In your reply, reproduce every line of the data without any alteration.

─── MATERIAL FOR THIS TASK

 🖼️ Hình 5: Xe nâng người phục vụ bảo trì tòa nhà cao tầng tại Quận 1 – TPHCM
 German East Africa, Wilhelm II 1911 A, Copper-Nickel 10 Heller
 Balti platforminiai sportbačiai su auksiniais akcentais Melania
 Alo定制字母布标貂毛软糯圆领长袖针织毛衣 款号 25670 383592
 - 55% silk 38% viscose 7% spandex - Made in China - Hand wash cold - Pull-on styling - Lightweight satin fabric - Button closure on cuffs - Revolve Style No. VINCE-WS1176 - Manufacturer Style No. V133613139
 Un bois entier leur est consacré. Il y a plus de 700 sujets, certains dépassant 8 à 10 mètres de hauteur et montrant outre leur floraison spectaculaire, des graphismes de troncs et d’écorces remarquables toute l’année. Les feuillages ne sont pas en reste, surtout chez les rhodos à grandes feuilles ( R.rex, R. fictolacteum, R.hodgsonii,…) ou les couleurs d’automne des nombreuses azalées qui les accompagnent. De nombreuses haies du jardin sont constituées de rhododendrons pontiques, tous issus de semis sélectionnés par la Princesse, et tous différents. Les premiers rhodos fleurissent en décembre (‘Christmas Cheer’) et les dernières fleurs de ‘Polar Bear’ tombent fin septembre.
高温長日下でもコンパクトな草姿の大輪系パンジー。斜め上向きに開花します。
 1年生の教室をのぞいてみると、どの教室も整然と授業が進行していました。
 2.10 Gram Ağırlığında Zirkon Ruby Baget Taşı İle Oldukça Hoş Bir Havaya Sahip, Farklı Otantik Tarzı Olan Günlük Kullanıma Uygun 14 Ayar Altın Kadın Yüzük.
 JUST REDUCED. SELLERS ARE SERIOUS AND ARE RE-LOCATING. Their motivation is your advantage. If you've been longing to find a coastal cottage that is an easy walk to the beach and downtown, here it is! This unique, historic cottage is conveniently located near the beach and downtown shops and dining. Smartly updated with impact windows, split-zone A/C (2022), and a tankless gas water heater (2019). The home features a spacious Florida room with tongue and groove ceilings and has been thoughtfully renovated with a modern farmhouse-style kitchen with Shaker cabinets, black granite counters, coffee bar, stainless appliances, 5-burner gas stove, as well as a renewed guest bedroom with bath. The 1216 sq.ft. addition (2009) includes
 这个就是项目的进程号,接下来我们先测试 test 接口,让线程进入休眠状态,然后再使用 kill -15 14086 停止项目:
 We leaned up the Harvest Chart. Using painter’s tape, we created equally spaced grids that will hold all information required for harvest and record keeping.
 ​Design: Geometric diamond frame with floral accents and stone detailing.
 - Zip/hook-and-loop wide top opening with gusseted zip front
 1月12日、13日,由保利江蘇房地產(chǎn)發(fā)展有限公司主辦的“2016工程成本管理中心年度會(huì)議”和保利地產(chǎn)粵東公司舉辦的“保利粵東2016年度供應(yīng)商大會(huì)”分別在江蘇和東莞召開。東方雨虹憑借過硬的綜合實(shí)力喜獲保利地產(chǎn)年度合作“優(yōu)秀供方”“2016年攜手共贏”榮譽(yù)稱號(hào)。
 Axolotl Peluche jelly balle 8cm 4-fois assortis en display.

──────

▶ [SOLUTION TO THE PROBLEM]
 🖼️ Hình 5: Xe nâng người phục vụ bảo trì tòa nhà cao tầng tại Quận 1 – TPHCM
 German East Africa, Wilhelm II 1911 A, Copper-Nickel 10 Heller
 Balti platforminiai sportbačiai su auksiniais akcentais Melania
 Alo定制字母布标貂毛软糯圆领长袖针织毛衣 款号 25670 383592
 - 55% silk 38% viscose 7% spandex - Made in China - Hand wash cold - Pull-on styling - Lightweight satin fabric - Button closure on cuffs - Revolve Style No. VINCE-WS1176 - Manufacturer Style No. V133613139
 Un bois entier leur est consacré. Il y a plus de 700 sujets, certains dépassant 8 à 10 mètres de hauteur et montrant outre leur floraison spectaculaire, des graphismes de troncs et d’écorces remarquables toute l’année. Les feuillages ne sont pas en reste, surtout chez les rhodos à grandes feuilles ( R.rex, R. fictolacteum, R.hodgsonii,…) ou les couleurs d’automne des nombreuses azalées qui les accompagnent. De nombreuses haies du jardin sont constituées de rhododendrons pontiques, tous issus de semis sélectionnés par la Princesse, et tous différents. Les premiers rhodos fleurissent en décembre (‘Christmas Cheer’) et les dernières fleurs de ‘Polar Bear’ tombent fin septembre.
高温長日下でもコンパクトな草姿の大輪系パンジー。斜め上向きに開花します。
 1年生の教室をのぞいてみると、どの教室も整然と授業が進行していました。
 2.10 Gram Ağırlığında Zirkon Ruby Baget Taşı İle Oldukça Hoş Bir Havaya Sahip, Farklı Otantik Tarzı Olan Günlük Kullanıma Uygun 14 Ayar Altın Kadın Yüzük.
 JUST REDUCED. SELLERS ARE SERIOUS AND ARE RE-LOCATING. Their motivation is your advantage. If you've been longing to find a coastal cottage that is an easy walk to the beach and downtown, here it is! This unique, historic cottage is conveniently located near the beach and downtown shops and dining. Smartly updated with impact windows, split-zone A/C (2022), and a tankless gas water heater (2019). The home features a spacious Florida room with tongue and groove ceilings and has been thoughtfully renovated with a modern farmhouse-style kitchen with Shaker cabinets, black granite counters, coffee bar, stainless appliances, 5-burner gas stove, as well as a renewed guest bedroom with bath. The 1216 sq.ft. addition (2009) includes
 这个就是项目的进程号,接下来我们先测试 test 接口,让线程进入休眠状态,然后再使用 kill -15 14086 停止项目:
 We leaned up the Harvest Chart. Using painter’s tape, we created equally spaced grids that will hold all information required for harvest and record keeping.
 ​Design: Geometric diamond frame with floral accents and stone detailing.
 - Zip/hook-and-loop wide top opening with gusseted zip front
 1月12日、13日,由保利江蘇房地產(chǎn)發(fā)展有限公司主辦的“2016工程成本管理中心年度會(huì)議”和保利地產(chǎn)粵東公司舉辦的“保利粵東2016年度供應(yīng)商大會(huì)”分別在江蘇和東莞召開。東方雨虹憑借過硬的綜合實(shí)力喜獲保利地產(chǎn)年度合作“優(yōu)秀供方”“2016年攜手共贏”榮譽(yù)稱號(hào)。
 Axolotl Peluche jelly balle 8cm 4-fois assortis en display.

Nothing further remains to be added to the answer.